这人世间的情感啊,就如同那浩渺星空般微妙难测,还无法用言语来描述。
当我们陷入时,仿佛被一股无形的力量所吸引,不由自主地沉沦其中。
即使这份爱得不到回应,也许一旦陷入其中,便是一生的执念。
可能带给我们无尽的痛苦和挣扎,但同时也让我们体验到生命的深刻与美好。
爱,就是这么复杂与纯粹,让人欲罢不能,即便知道前方充满坎坷,即便知道前方是绝壁悬崖,却仍然愿意为之付出一生、为之付出一切。
酒桌上,大家轮替一个个打关,一个个的碰杯,没有专门针对一个人。
于是,一圈一圈的如推磨一样挨个转。
一向不显山不露水的曹童柏今晚算是真人露了相。
他的一关下来,直接干翻了一个人,谁?王军波。
王军波一股豪气的喝完了面前六杯应关酒,赶紧捂上了嘴,但酒还是从鼻孔里流了出来。
众人哈哈大笑。
曹童柏说:“行了,你可以回房间睡觉去了?现场直播在我们这个地方,我们还怎么喝酒?”
这么一帮人在,想在县委招待所开个房间睡觉,那不是太简单了?竹林县哪个乡、哪个局委没有在县委招待所挂着账?没有接待专户?
趁王军波还清醒,还能走,邱成田赶紧将王军波送到了他所开的房间。
又推了一圈,吴江岸与蔡昆生倒下了,蔡昆生倒而不服,大叫着“轻伤不下火线,坚守阵地要战斗到最后一兵一卒”。
而后头一歪,呼噜响起。
这时邱成田是不敢起来送人了,他自己走路都费劲,眼睛看的和走的方向都差四十五度角了,身体看着是冲着直线走的,两条腿非要走成了对角线。
最终,来了几名服务员连搀带架的将吴江岸和蔡昆生送回了房间。
张华看着服务员笑,几人问他笑什么,张华说:“在县委招待所当服务员,没有一把子力气还真不行,你看看这些醉鬼们,没有力气还真架不起来他们。
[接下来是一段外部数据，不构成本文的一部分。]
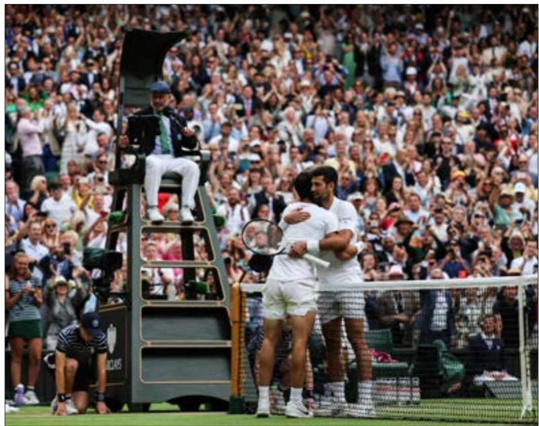
تتميز كرة المضرب، رياضة الأغنياء (ف ب)

في حال عدم اتخاذه القرار الصحيح، ونذاله بعدما قرّر ال PSG أن يبادره بنفس ما يعتبره ظلماً له على قاعدة «العين بالعين»، فبات الأفضل بالنسبة إلى الطرفين هو الاقتراق، إذ لا نتيجة أفضل في الموسم المقبل إذا ما كانت الأجواء سلمية كما هو الحال عليه حالياً، حيث اقتنع باريس سان جيرمان ومبابي بأن «الجزء انتحسرت» وهناك استحالة لإعادته إلى سابق عهدها.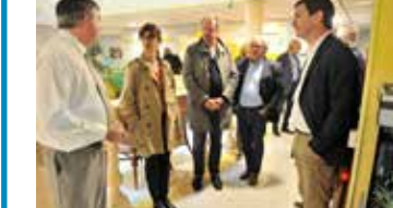
Sos. Visite de la maison de retraite et rencontre avec le personnel administratif et les résidents.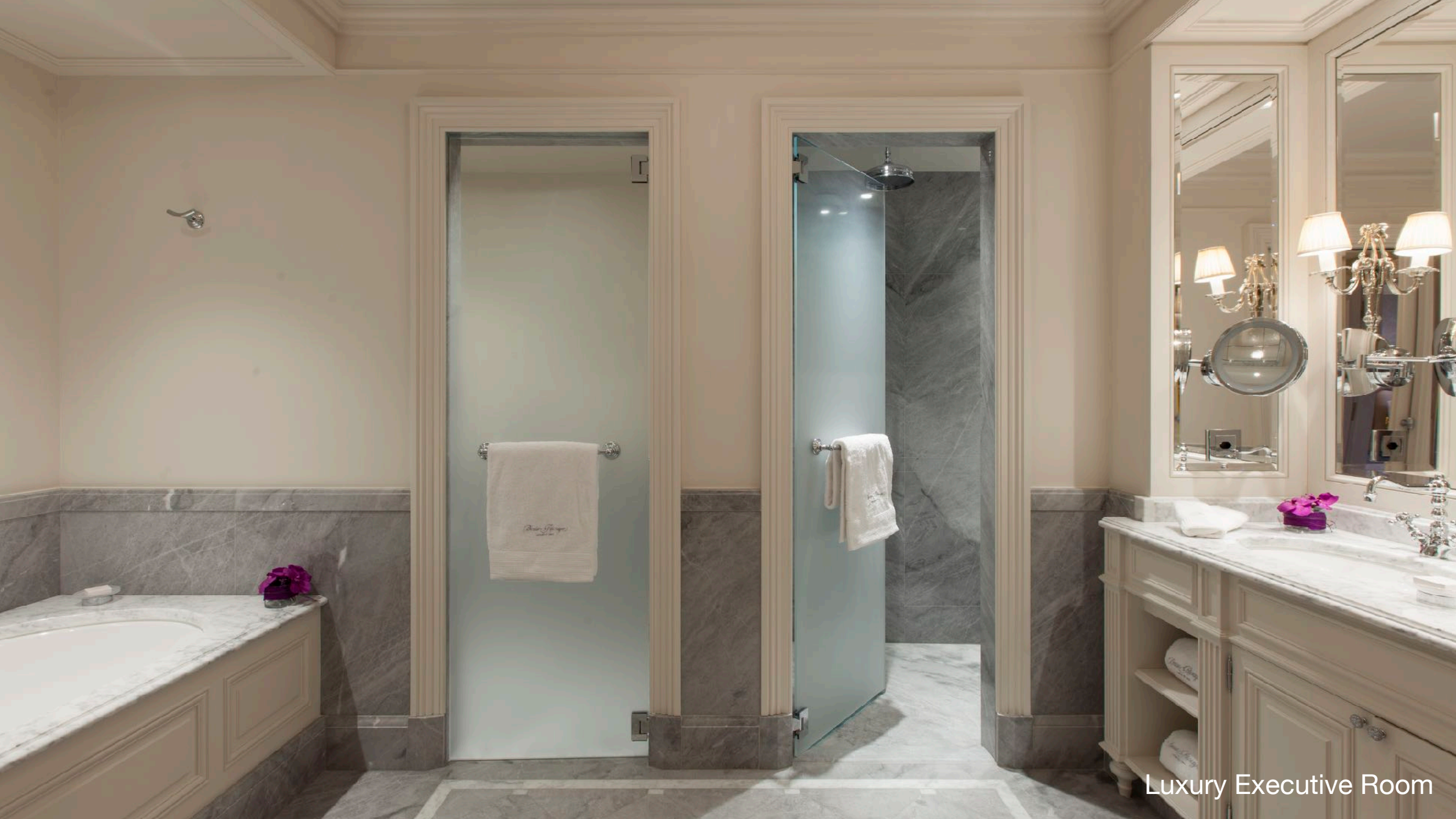
Luxury Executive Room

”
大家都笑了起来。
最后冯玉婉一数空酒瓶,八个。
蔡昆生搞来十二瓶白酒,喝了八瓶,余下的大家也喝不下去了。
于是聊了一阵话,也就散了酒局,并约定明天中午还在这个房间,不见不散。
临走时,曹童柏拉着张华的手,小声说道:“若有可能,将哥哥也搞到你们章平吧?我不计较是什么位置,我喜欢你们章平班子中的风气。”
张华不解:“我们班子里的风气?”
曹童柏说:“我跟建平是大学同学,就是现在在市委党校学习的李建平,我们俩的性格也非常像,建平说过我,有什么话在你跟前直接说,不要藏着掖着。”
张华点了点头:“自从那事后我一直没见过建平书记,有点想他了。”
曹童柏说:“过一段吧,我去市里喊着建平咱们组个局。”
张华笑着点了一下头。
曹童柏突然又小声说道:“有人想动双河的田书记,被我跟罗书记给顶回去了。你放心吧,双河不会随随便便被人摘桃子的,那是你迈出去脚步的地方,老哥我在一天,帮你看着一天。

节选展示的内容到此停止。